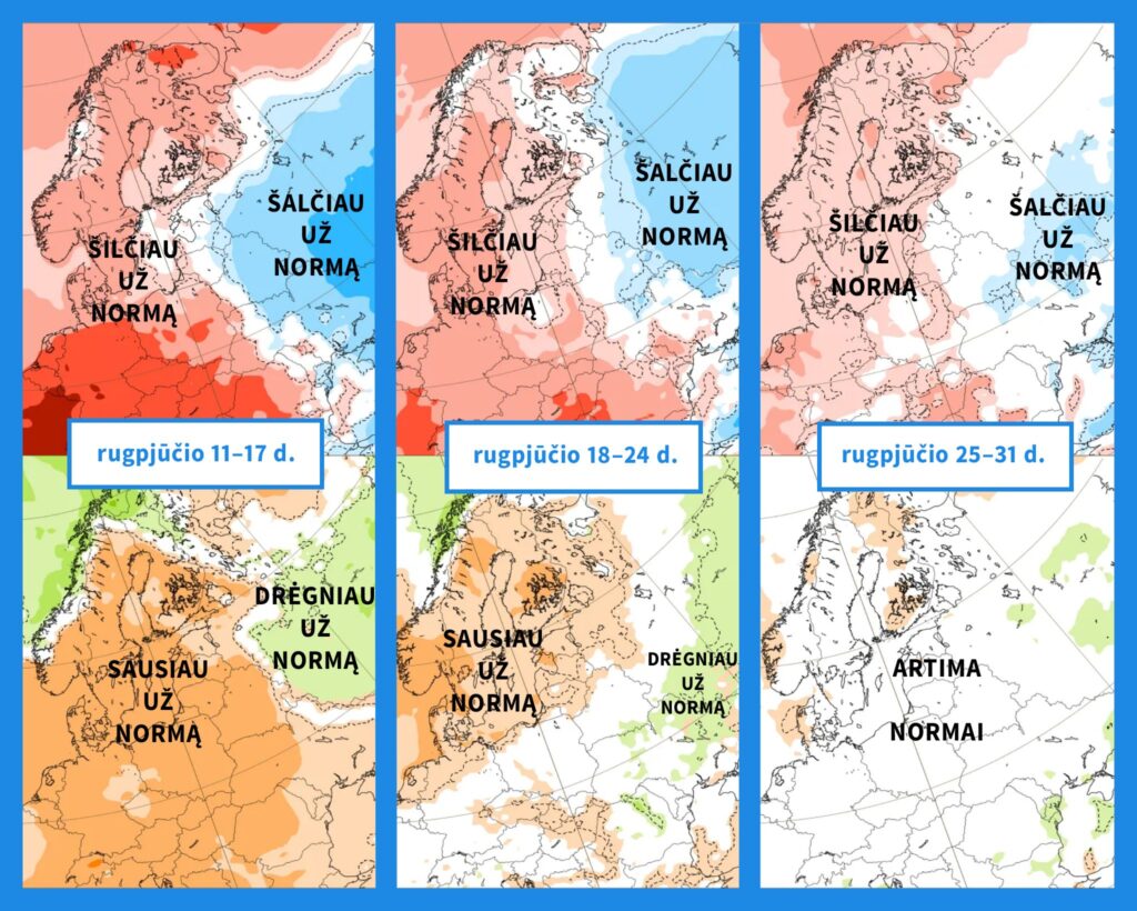 Remiantis naujausiais ECMWF modelio skaičiavimais, prognozuojama, kad rugpjūčio temperatūra bus iki 0,5–1 laipsnio aukščiau normos, o mėnesio kritulių kiekis – iki 10–15 % mažesnis už 1991–2020 m. vidurkį, skelbia Lietuvos hidrometeorologijos tarnyba.
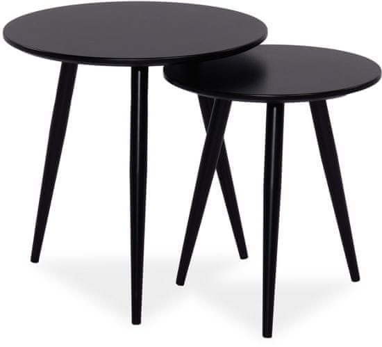 Komplet dveh okroglih mizic za kavo. Zgornja stran je izdelana iz visokokakovostnega MDF, noge mize pa so kovinske. Mize so črne. MDF je večplastna plošča, na katero je z visokim pritiskom stisnjena PVC-folija. Je barvno obstojna, vodoodporna in zelo enostavna za vzdrževanje. Dobavljamo v razstavljenem stanju.
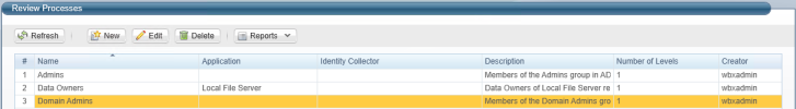 The Review Processes window displays with a list of all the review processes.
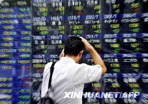 8月4日,在日本首都東京,一名男子駐足觀看股票價(jià)格顯示牌。受日本企業(yè)預(yù)期收益下降及紐約股市下跌等因素的影響,當(dāng)日,東京股市日經(jīng)股指比前一個(gè)交易日下跌161.41點(diǎn),收于12933.18點(diǎn),跌幅為1.23%。 新華社/法新

*What the exercise asks*: No image belongs in the copy. Transcribe the full listing verbatim.

*Expected answer*:
 Remiantis naujausiais ECMWF modelio skaičiavimais, prognozuojama, kad rugpjūčio temperatūra bus iki 0,5–1 laipsnio aukščiau normos, o mėnesio kritulių kiekis – iki 10–15 % mažesnis už 1991–2020 m. vidurkį, skelbia Lietuvos hidrometeorologijos tarnyba.
 Komplet dveh okroglih mizic za kavo. Zgornja stran je izdelana iz visokokakovostnega MDF, noge mize pa so kovinske. Mize so črne. MDF je večplastna plošča, na katero je z visokim pritiskom stisnjena PVC-folija. Je barvno obstojna, vodoodporna in zelo enostavna za vzdrževanje. Dobavljamo v razstavljenem stanju.
 The Review Processes window displays with a list of all the review processes.
 8月4日,在日本首都東京,一名男子駐足觀看股票價(jià)格顯示牌。受日本企業(yè)預(yù)期收益下降及紐約股市下跌等因素的影響,當(dāng)日,東京股市日經(jīng)股指比前一個(gè)交易日下跌161.41點(diǎn),收于12933.18點(diǎn),跌幅為1.23%。 新華社/法新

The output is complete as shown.